• [Supplied records]:
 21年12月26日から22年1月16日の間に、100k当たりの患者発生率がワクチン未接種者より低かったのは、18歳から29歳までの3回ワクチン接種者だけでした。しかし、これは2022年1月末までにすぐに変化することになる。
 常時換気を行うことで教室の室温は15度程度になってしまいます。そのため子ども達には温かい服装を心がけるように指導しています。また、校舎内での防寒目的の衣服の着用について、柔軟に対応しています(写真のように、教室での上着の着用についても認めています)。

==

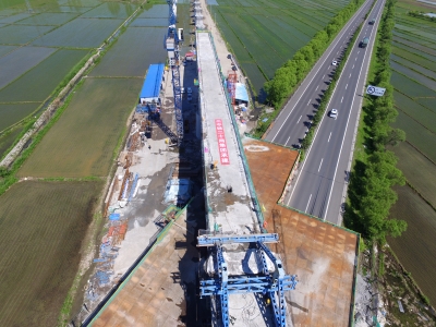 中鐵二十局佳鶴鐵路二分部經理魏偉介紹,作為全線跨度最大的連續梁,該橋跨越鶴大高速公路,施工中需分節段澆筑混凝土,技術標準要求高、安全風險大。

• [Task item]: Would you quote everything above from the line containing "21年12月26日から22年" down to the line containing "常時換気を行うことで教室の室"? Include both of those lines and nothing else.

• [Task answer]:
 21年12月26日から22年1月16日の間に、100k当たりの患者発生率がワクチン未接種者より低かったのは、18歳から29歳までの3回ワクチン接種者だけでした。しかし、これは2022年1月末までにすぐに変化することになる。
 常時換気を行うことで教室の室温は15度程度になってしまいます。そのため子ども達には温かい服装を心がけるように指導しています。また、校舎内での防寒目的の衣服の着用について、柔軟に対応しています(写真のように、教室での上着の着用についても認めています)。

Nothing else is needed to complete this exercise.